Durante vários anos da década de 1990, foi agente governamental em representação da República Eslovaca no Tribunal Europeu dos Direitos do Homem e na Comissão Europeia dos Direitos do Homem. Em 1999, tornou-se presidente do partido Smer (Direção), do qual tem sido uma figura central desde então.

Fico e o Smer têm sido frequentemente descritos como sendo de esquerda-populista, embora também tenha sido comparado a políticos de direita, como o primeiro-ministro nacionalista da vizinha Hungria, Viktor Orbán.

Regressou ao poder na Eslováquia no ano passado, depois de ter sido primeiro-ministro por duas vezes, de 2006 a 2010 e de 2012 a 2018. O seu terceiro mandato fez dele o chefe de governo há mais tempo em funções na história da Eslováquia, membro da União Europeia e da NATO.

Após cinco anos na oposição, o partido de Fico ganhou as eleições parlamentares do ano passado com uma plataforma pró-russa e anti-americana. Prometeu acabar com o apoio militar da Eslováquia à Ucrânia, que lutou contra a invasão total da Rússia, e argumentou que a NATO e os Estados Unidos provocaram Moscovo para a guerra.

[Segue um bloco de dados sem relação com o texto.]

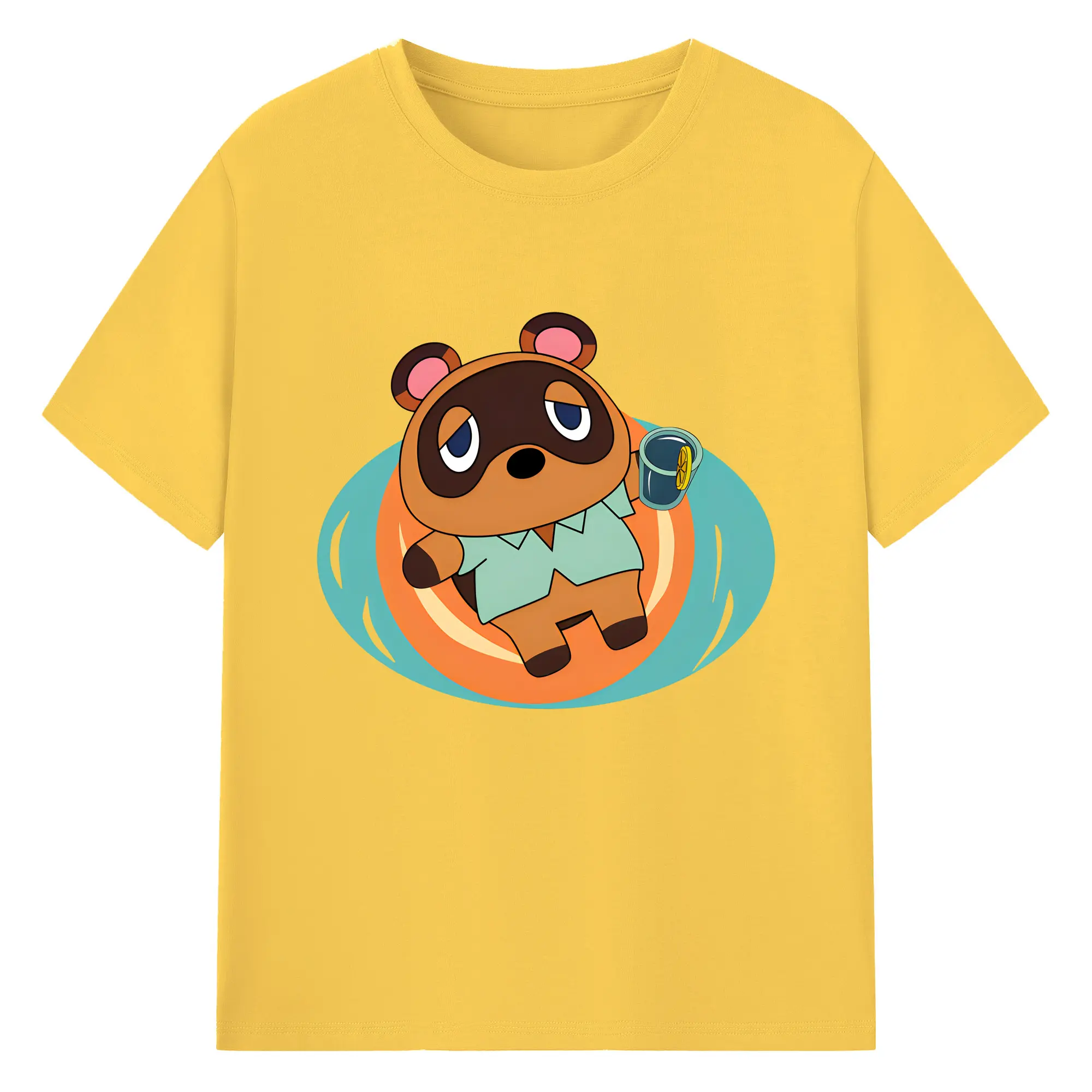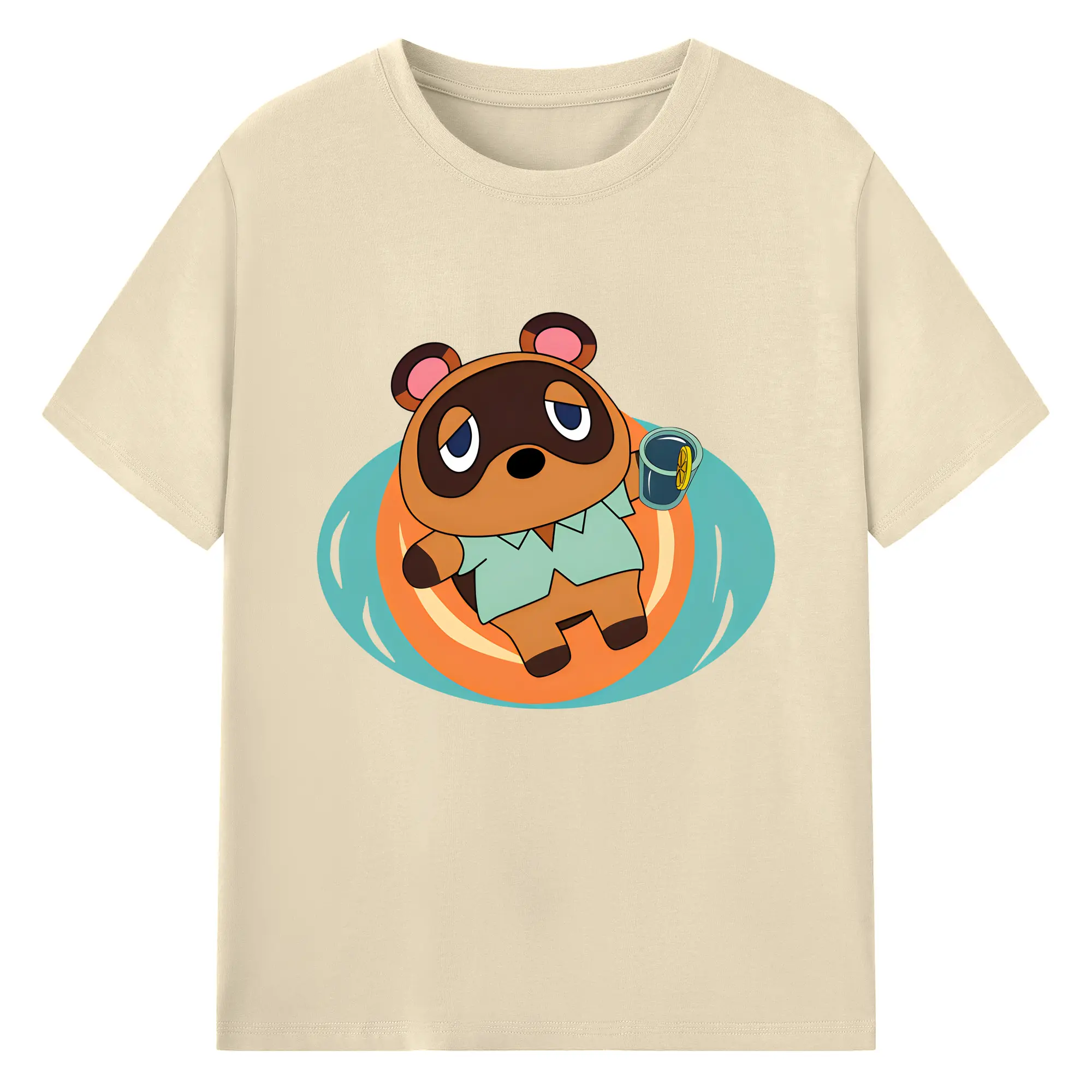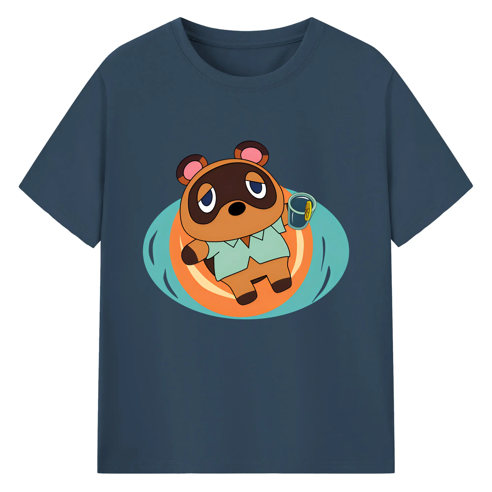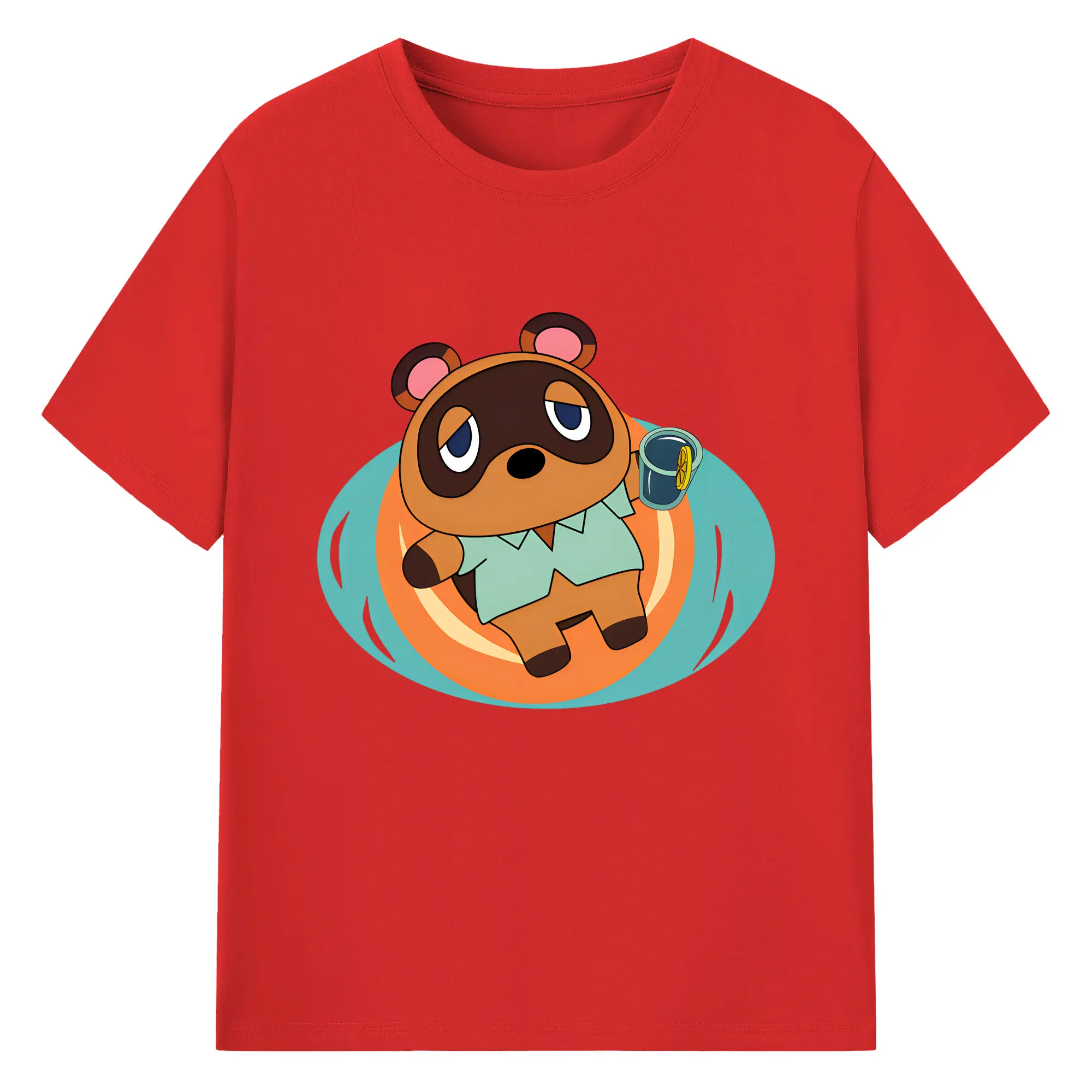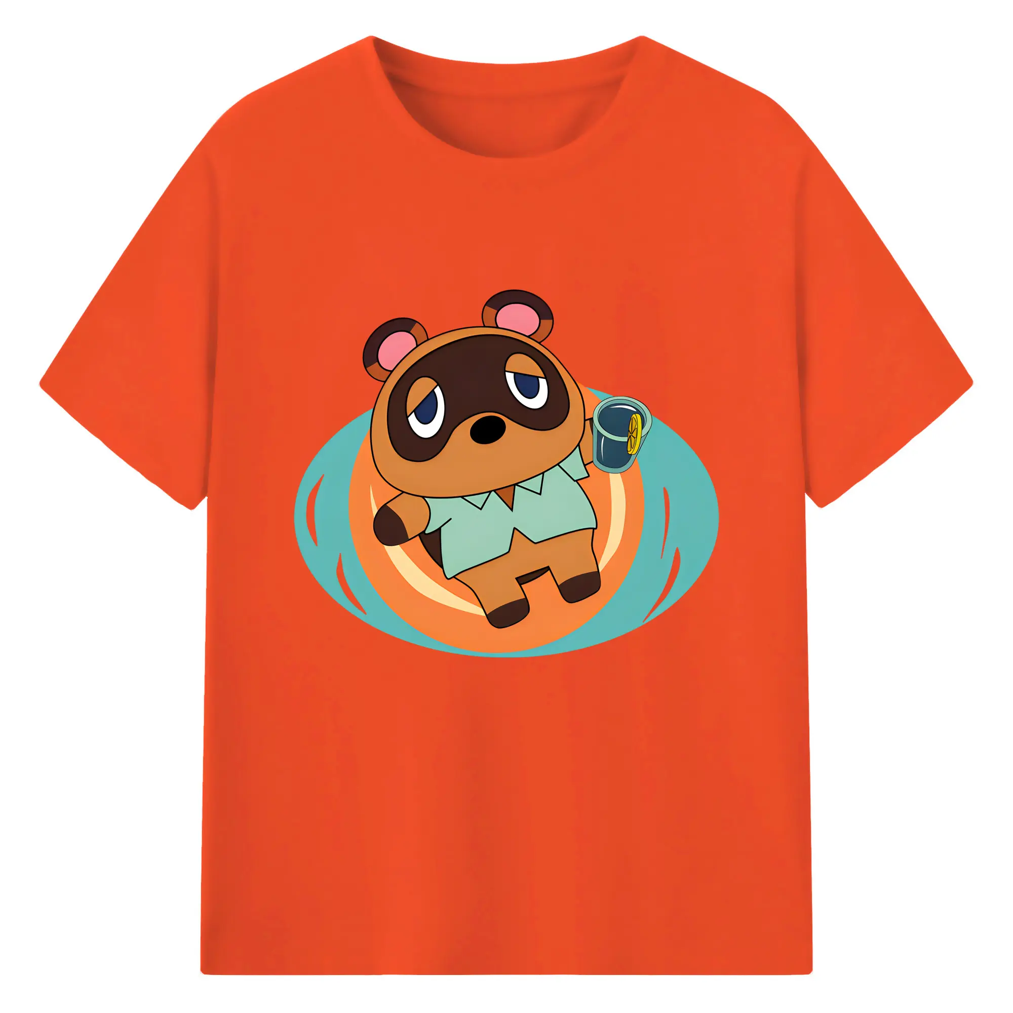 どうぶつの森 たぬきち 癒し系キャラクター - 綿100% ヴィンテージ風 半袖Tシャツ ・ フロントプリント ・ 柔らか肌触り ・ 通気性 快適 ・ スポーツ カジュアル 外出用

Após a sua vitória eleitoral, o novo governo suspendeu imediatamente o fornecimento de armas à Ucrânia. Milhares de pessoas saíram repetidamente às ruas em toda a Eslováquia para se manifestarem contra as políticas pró-russas e outras, incluindo os planos para alterar o código penal, eliminar um procurador especial anti-suborno e assumir o controlo dos meios de comunicação social públicos.

O regresso de Fico ao poder causou preocupação entre os seus críticos, que receavam que ele e o seu partido - há muito manchado por escândalos - desviassem a Eslováquia do seu caminho pró-ocidental. Comprometeu-se a seguir uma política externa "soberana", prometeu uma posição dura contra a migração e as organizações não governamentais e fez campanha contra os direitos LGBTQ+.

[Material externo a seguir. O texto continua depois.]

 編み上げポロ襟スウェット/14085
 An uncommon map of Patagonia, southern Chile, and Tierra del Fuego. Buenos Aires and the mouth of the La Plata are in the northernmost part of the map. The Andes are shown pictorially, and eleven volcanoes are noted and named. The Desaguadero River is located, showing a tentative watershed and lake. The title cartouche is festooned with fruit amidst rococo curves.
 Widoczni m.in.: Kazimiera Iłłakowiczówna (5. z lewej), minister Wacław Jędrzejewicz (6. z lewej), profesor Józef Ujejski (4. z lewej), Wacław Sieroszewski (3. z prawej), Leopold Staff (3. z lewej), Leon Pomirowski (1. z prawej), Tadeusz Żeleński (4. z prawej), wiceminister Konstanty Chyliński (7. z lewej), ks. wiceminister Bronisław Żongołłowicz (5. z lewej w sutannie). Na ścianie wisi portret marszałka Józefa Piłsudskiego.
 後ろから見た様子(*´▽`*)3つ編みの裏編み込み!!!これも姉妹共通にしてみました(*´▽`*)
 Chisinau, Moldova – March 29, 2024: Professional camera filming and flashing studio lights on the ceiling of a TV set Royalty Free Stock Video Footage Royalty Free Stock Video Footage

Ganhou reputação pelas suas investidas contra jornalistas e enfrentou acusações criminais em 2022 por alegada criação de um grupo criminoso e abuso de poder. Em 2018, ele e o seu governo abandonaram o cargo em ambiente de polémica, depois de o jornalista de investigação eslovaco Ján Kuciak ter sido assassinado com a sua noiva. Kuciak tinha feito uma reportagem sobre crimes fiscais que implicavam políticos eslovacos de alto nível.

É casado e tem um filho.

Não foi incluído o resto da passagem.